* _WHAT THE EXERCISE ASKS_: Could every line below be transcribed exactly, with the pictures dropped?

* _DATA SHOWN_:

------------------------------

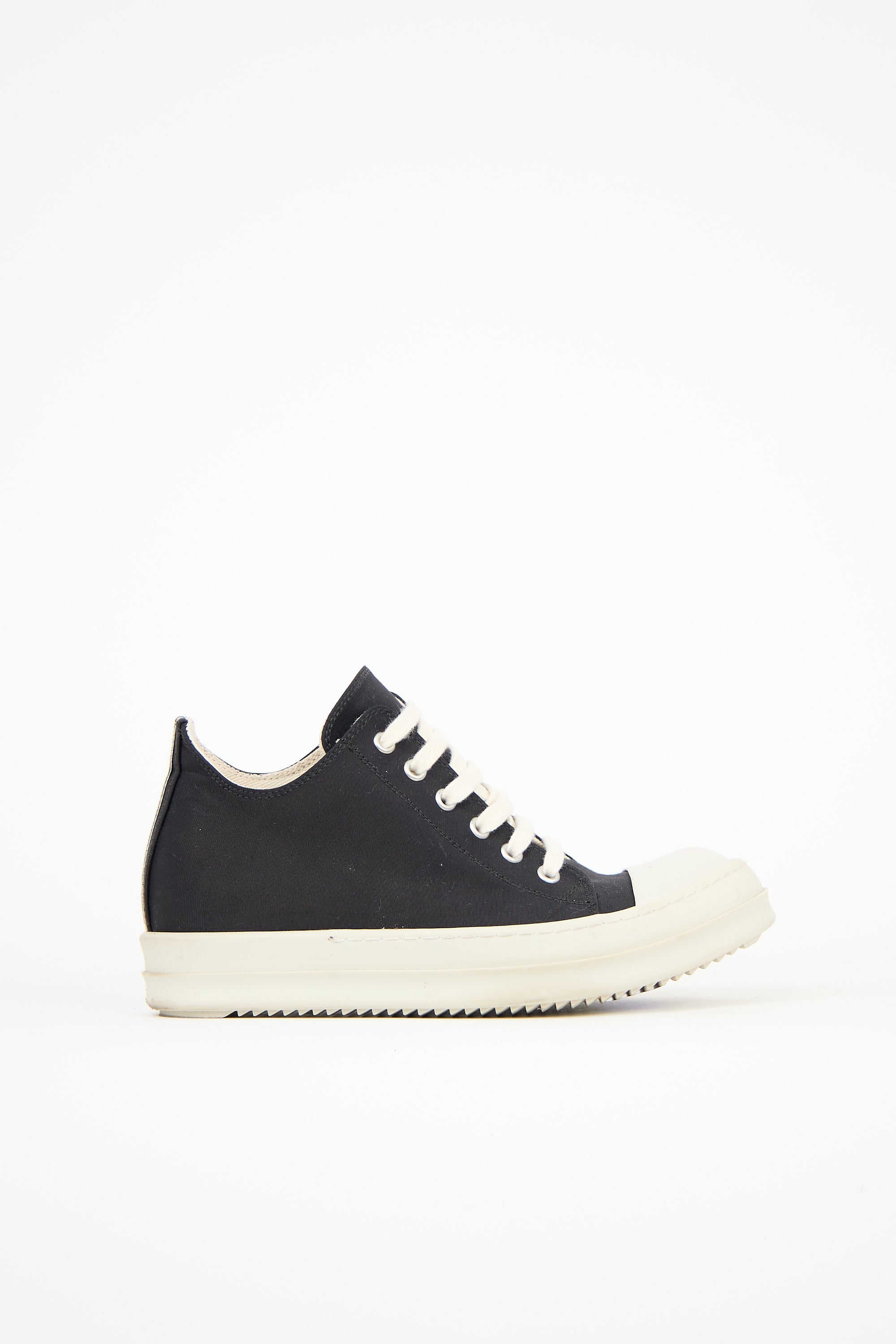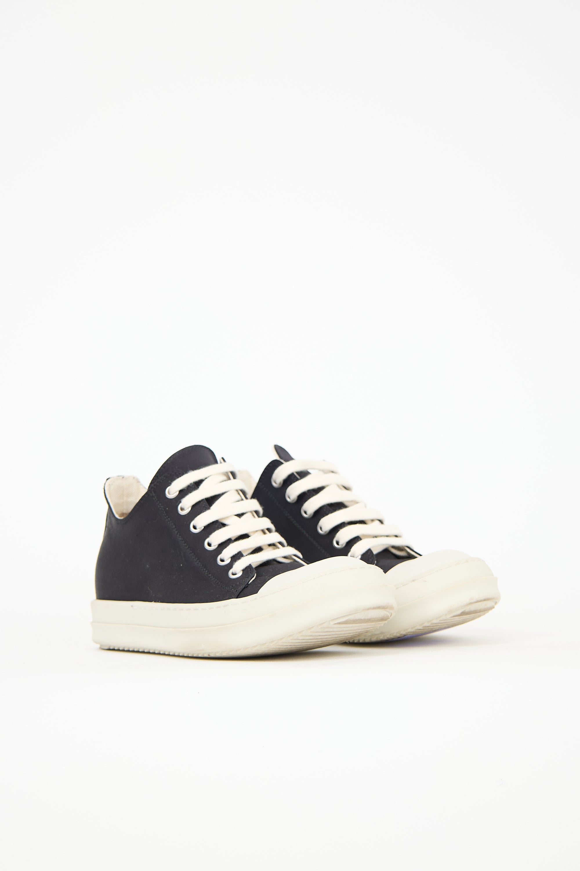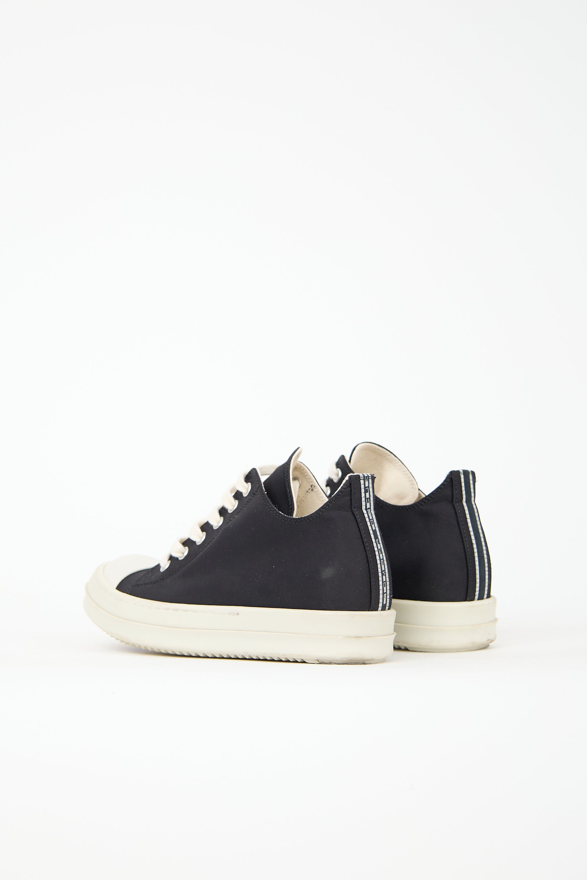 Pre-owned Rick Owens DRKSHDW black grosgrain Hollywood sneakers featuring a rounded toe, white rubber toe cap, lace up front, logo detail at counter, and rubber sole.
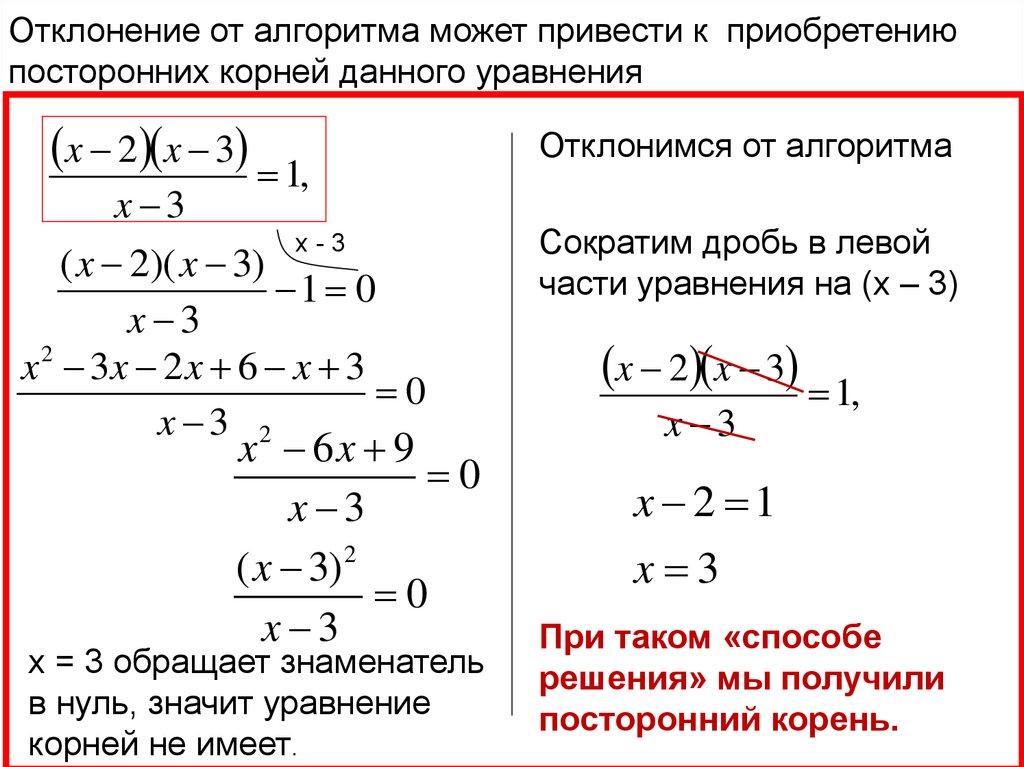 Отклонение от алгоритма может привести к приобретениюпосторонних корней данного уравнения
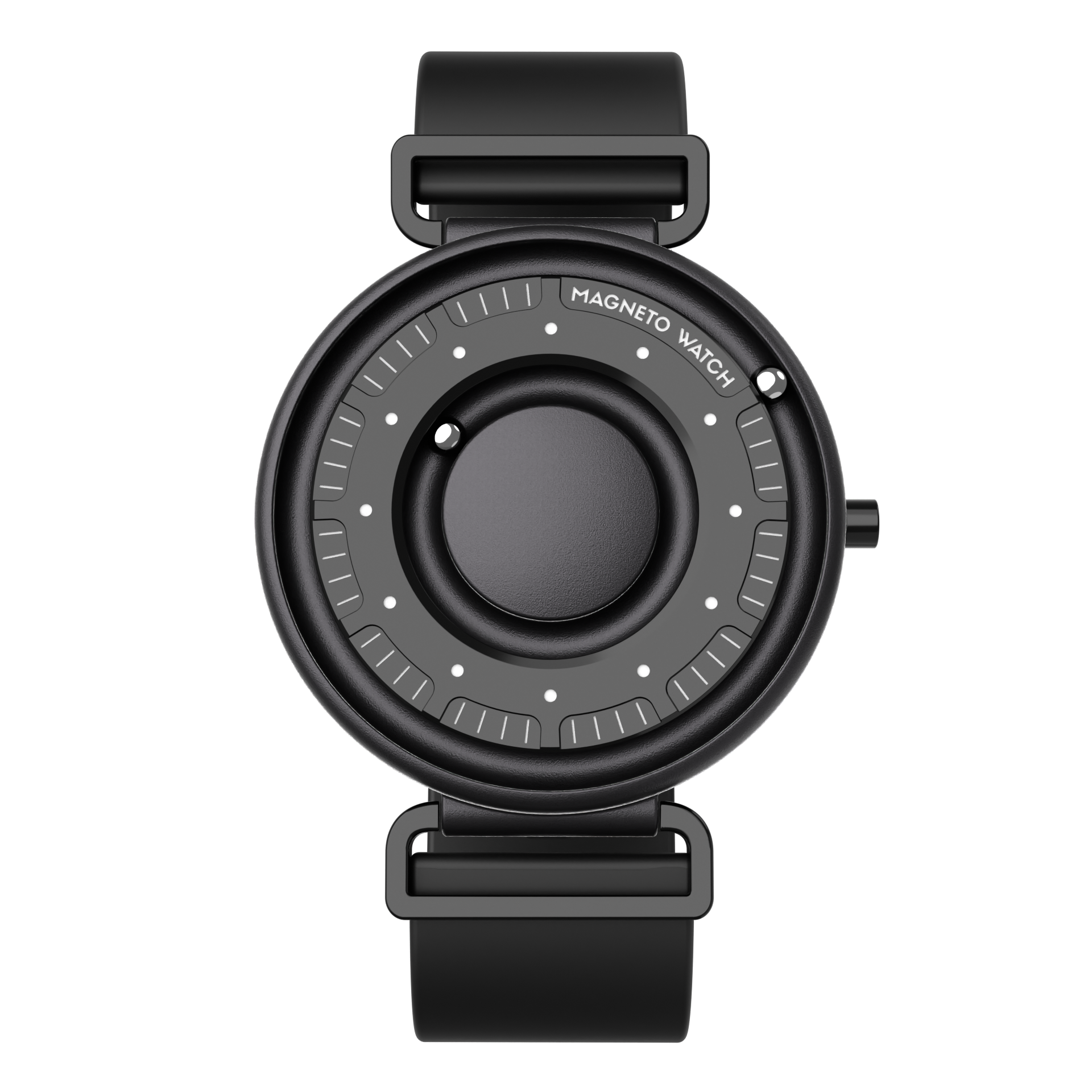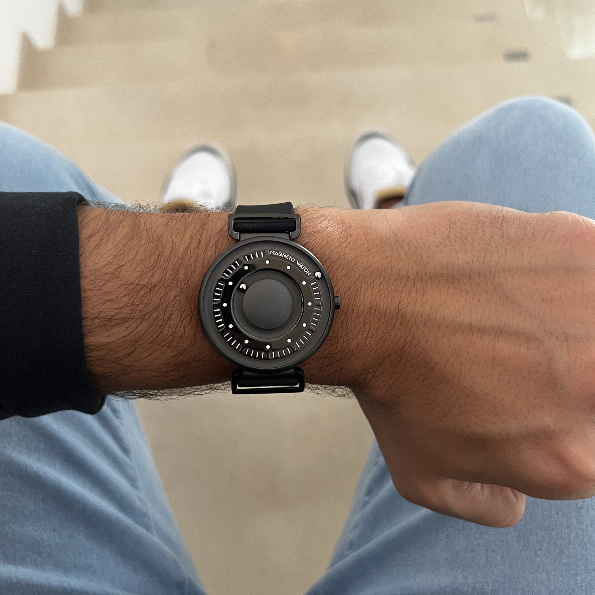 Die Primus Black überzeugt mit einem kraftvollen Auftritt in tiefem Schwarz. Ihr robustes Gehäuse in Kombination mit dem schwarzen Milanaisearmband verleiht ihr einen markanten, urbanen Look – modern, maskulin, kompromisslos. Die schwebenden magnetischen Kugeln ersetzen klassische Zeiger und machen diese Uhr zu einem echten Hingucker. Minimalistisch im Design, maximal in der Wirkung.

------------------------------

* _ANSWER_:
 Pre-owned Rick Owens DRKSHDW black grosgrain Hollywood sneakers featuring a rounded toe, white rubber toe cap, lace up front, logo detail at counter, and rubber sole.
 Отклонение от алгоритма может привести к приобретениюпосторонних корней данного уравнения
 Die Primus Black überzeugt mit einem kraftvollen Auftritt in tiefem Schwarz. Ihr robustes Gehäuse in Kombination mit dem schwarzen Milanaisearmband verleiht ihr einen markanten, urbanen Look – modern, maskulin, kompromisslos. Die schwebenden magnetischen Kugeln ersetzen klassische Zeiger und machen diese Uhr zu einem echten Hingucker. Minimalistisch im Design, maximal in der Wirkung.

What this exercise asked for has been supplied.